_Work order_
Give back exactly the lines that start at the one containing "Mirfield railway station, West" and run to the end of the material, leaving out the pictures.

_Information provided_
#####

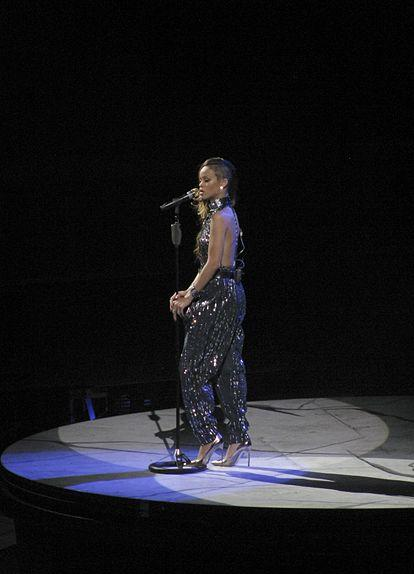 Rihanna at the Air Canada Centre
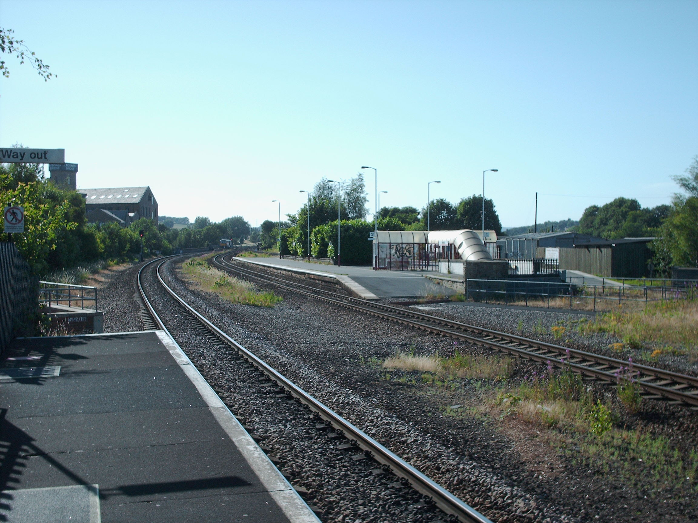 Mirfield railway station, West Yorkshire, England. The view from platform 3.
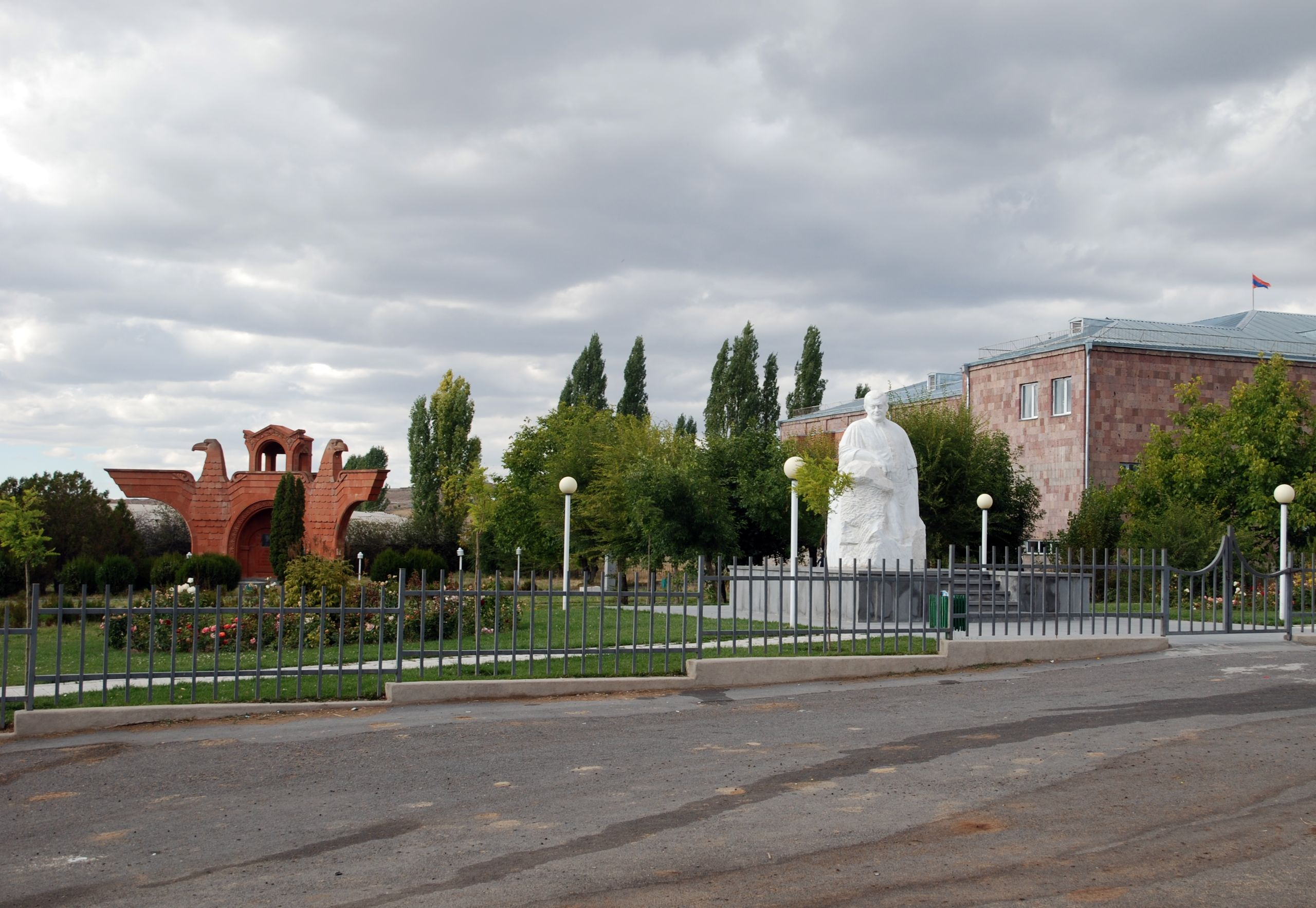 Irind, square

#####

_Exercise answer_
 Mirfield railway station, West Yorkshire, England. The view from platform 3.
 Irind, square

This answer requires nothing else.